▶ PROMPT:
Quote word for word the lines below, beginning with the first and ending with the one that has "Miu Miu 2020". Drop the pictures.

▶ SOURCE DATA:

▼▼▼

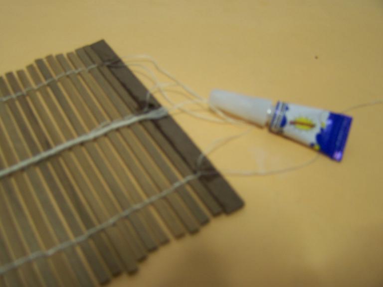 Materiales; un listón plano, un listón plano de un medida mayor que la anterior, cuerda o hilo de dos grosores, tijeras, pegamento de contacto y paciencia.
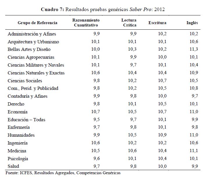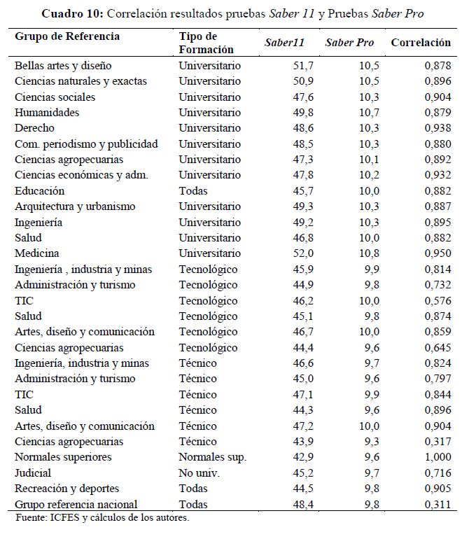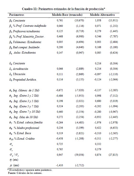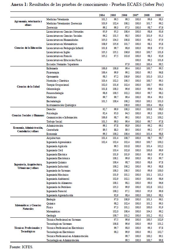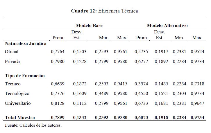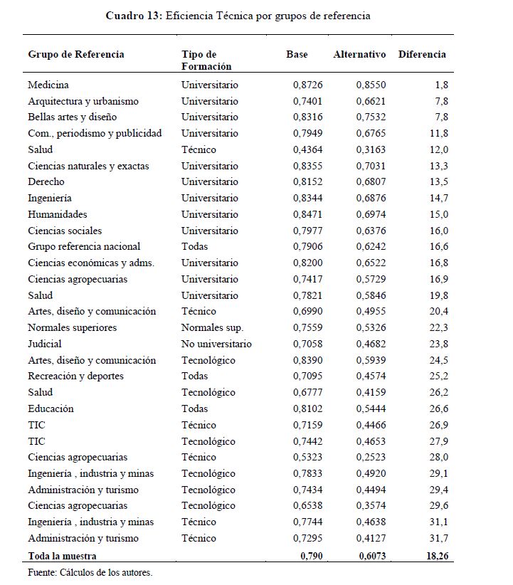La investigación tiene como objetivo revisar de manera general la situación de la educación superior en Colombia y evaluar los niveles de eficiencia de los diferentes programas e instituciones del país. Para el análisis de eficiencia se utilizan técnicas de frontera estocástica y los resultados de las pruebas Saber Pro. La estimación evalúa el impacto tanto de variables asociadas al personal docente y a la infraestructura de las instituciones, como de algunos factores de entorno que no están directamente bajo el control de las instituciones. Los resultados indican que existe una respuesta positiva y significativa entre el logro académico y las variables de infraestructura y las asociadas al personal docente. Los resultados igualmente resaltan la importancia de los factores de entorno para explicar el desempeño de las instituciones de educación superior, sugiriendo que aunque muchas instituciones educativas tienen un margen para mejorar sus niveles de eficiencia, podrían estar restringidas por la influencia de los factores socioeconómicos de los estudiantes.
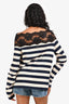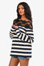 Miu Miu 2020 Navy Cream Striped Lace Detailed Off Shoulder Long Sleeve Top Size M
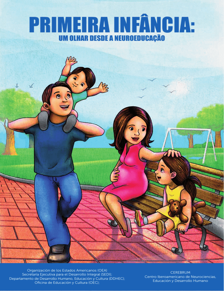 PRIMEIRA INFÂNCIA: UM OLHAR DESDE A NEUROEDUCAÇÃO Organización de los Estados Americanos (OEA) Secretaría Ejecutiva para el Desarrollo Integral (SEDI); Departamento de Desarrollo Humano, Educación y Cultura (DDHEC); Oficina de Educación y Cultura (OEC); CEREBRUM Centro Iberoamericano de Neurociencias, Educación y Desarrollo Humano PRIMEIRA INFÂNCIA: UM OLHAR DESDE A NEUROEDUCAÇÃO (Materiais para uso nos meios de comunicação, advocacia e sensibilização) 17th St. & Constitution Ave., N.W. Washington, D.C. 20006 Estados Unidos de América T. (202) 458-3000 http://www.oas.org Esta publicação foi preparada pela Oficina de Educação e Cultura da Organização dos Estados Americanos (OEA/SEDI/DDHEC/OEC). A responsável pelo projeto e autoria do texto foi da Mg. Anna Lucia Campos. Assessoria pedagógica: ASEDH – Associação Educativa para o Desenvolvimento Humano: Mg. Arlette Fernández, Mg. Daphne Marsano e Lic. David Arango. Assessoria neurocientífica a cargo da SONEP – Sociedade para a Neurociência do Peru: Dr. Luis Aguilar e Dr. Daniel Paredes. Vários fragmentos do documento foram extraídos do livro Neuroeducação: como educar para que o cérebro aprenda, de Anna Lucia Campos, com a autorização respectiva da autora. Edição do projeto: Cerebrum – Centro Iberoamericano de Neurociências, Educação e Desenvolvimento Humano. Avenida Caminos del Inca 1325. Lima 33. Perú. Tel. (0051-1) 2751348. Coordenação geral do projeto, revisão da edição e publicação do livro a cargo da Dra. Gaby Fujimoto, Especialista Señor de Educação da OEA. Correção de estilo: Eleonor Campos Beuttemmüller Desenho gráfico: Gilberto Cárdenas Diagramação: Gilberto Cárdenas Ilustrações: Esdrújula Tradução ao Português: Eleonor Campos Beuttemmüller © Derechos reservados OEA/OEC, 2010 Proibida a reprodução parcial ou total desta obra sem permissão. ISBN Índice 7 Prefácio Capítulo I A Neuroeducação: uma nova aliada dos programas de atenção e educação da primeira infância. 11 Capítulo II Entendendo as crianças desde o começo: a etapa pré-natal e a construção do cérebro. 19 Capítulo III O nascimento e os primeiros meses: momentos decisivos para o cérebro. 35 Capítulo IV Um breve olhar sobre a primeira infância. 45 Capítulo V Fatores de influência no desenvolvimento infantil. 59 Capítulo VI. Mensagens à comunidade para um compromisso com a primeira infância. 67 Referências. 71 OEA Organização dos Estados Americanos 5 Prefácio Os primeiros anos de vida são essenciais para o desenvolvimento vital de uma pessoa, já que nesta etapa a genética e as experiências com o entorno perfilam a arquitetura do cérebro e desenham o comportamento humano. Indiscutivelmente, a primeira infância é uma etapa crucial no desenvolvimento vital do ser humano. Nela se consolida toda a base para as aprendizagens posteriores, já que o crescimento e desenvolvimento cerebral, resultantes da sinergia entre um código genético e as experiências de interação com o ambiente, permitirão uma incomparável aprendizagem e o desenvolvimento de habilidades sociais, emocionais, cognitivas, sensoperceptivas e motoras, que serão a base de toda uma vida. Os estudos realizados em Neurociências (ciências que estudam o sistema nervoso e o cérebro) e, em OEA Organização dos Estados Americanos 7 Prefacio especial, as investigações relacionadas ao processo de desenvolvimento cerebral, estão mudando o diálogo acerca da atenção e educação da primeira infância, já que pais, educadores, órgãos governamentais e não governamentais começam a entender que a educação, principalmente nesta etapa da vida, desempenha um papel quase de protagonista na estruturação e funcionalidade do sistema nervoso e do cérebro. Apesar de todos os argumentos apresentados, sabemos que não é suficiente o grau de sensibilização e informação sobre a atenção e educação na primeira infância. Os primeiros anos de vida são essenciais para o desenvolvimento do ser humano já que as primeiras experiências perfilam a arquitetura do cérebro e desenham o futuro comportamento. Nessa etapa, o cérebro experimenta mudanças fenomenais: cresce, desenvolve-se e passa por períodos sensíveis para algumas aprendizagens, e, por esta razão, necessita de um entorno com experiências significativas, estímulos multissensoriais, recursos físicos adequados; mas, principalmente, necessita de um ambiente intensificado pelo cuidado, pela responsabilidade e pelo afeto de um adulto comprometido. Nesta publicação que pretende servir de documento de referência, encontrar-se-á a fundamentação científica que explica a necessidade do desenvolvimento de ações de cuidado, educação e desenvolvimento da primeira infância. É uma ferramenta de formação e reflexão que está dirigida aos pais, educadores, comunicadores, profissionais da saúde, entidades públicas, empresas 8 Primeira infância: um olhar desde a Neuroeducação privadas e a todas as pessoas que, vinculadas às crianças, desejam reforçar seus conhecimentos sobre essa etapa do desenvolvimento humano e desejam ter una base neurocientífica para as práticas educativas familiares, institucionais e comunitárias dirigidas à primeira infância. Esta publicação, ademais, se encontra preparada para ser usada nos meios de comunicação. OEA Organização dos Estados Americanos 9 Capítulo I A neuroeducação: uma nova aliada para os programas de atenção e educação da primeira infância OEA Organização dos Estados Americanos 11 CAPÍTULO I A Neuroeducação: uma nova aliada dos programas de atenção e educação da primeira infância. Para alcançar o desenvolvimento de nossas sociedades, faz-se necessário “estender e melhorar a proteção e educação integrais da primeira infância, especialmente para as crianças mais vulneráveis e desfavorecidas”. Nos últimos anos, várias instituições e países do âmbito mu

▲▲▲

▶ EXPECTED ANSWER:
 Materiales; un listón plano, un listón plano de un medida mayor que la anterior, cuerda o hilo de dos grosores, tijeras, pegamento de contacto y paciencia.
La investigación tiene como objetivo revisar de manera general la situación de la educación superior en Colombia y evaluar los niveles de eficiencia de los diferentes programas e instituciones del país. Para el análisis de eficiencia se utilizan técnicas de frontera estocástica y los resultados de las pruebas Saber Pro. La estimación evalúa el impacto tanto de variables asociadas al personal docente y a la infraestructura de las instituciones, como de algunos factores de entorno que no están directamente bajo el control de las instituciones. Los resultados indican que existe una respuesta positiva y significativa entre el logro académico y las variables de infraestructura y las asociadas al personal docente. Los resultados igualmente resaltan la importancia de los factores de entorno para explicar el desempeño de las instituciones de educación superior, sugiriendo que aunque muchas instituciones educativas tienen un margen para mejorar sus niveles de eficiencia, podrían estar restringidas por la influencia de los factores socioeconómicos de los estudiantes.
 Miu Miu 2020 Navy Cream Striped Lace Detailed Off Shoulder Long Sleeve Top Size M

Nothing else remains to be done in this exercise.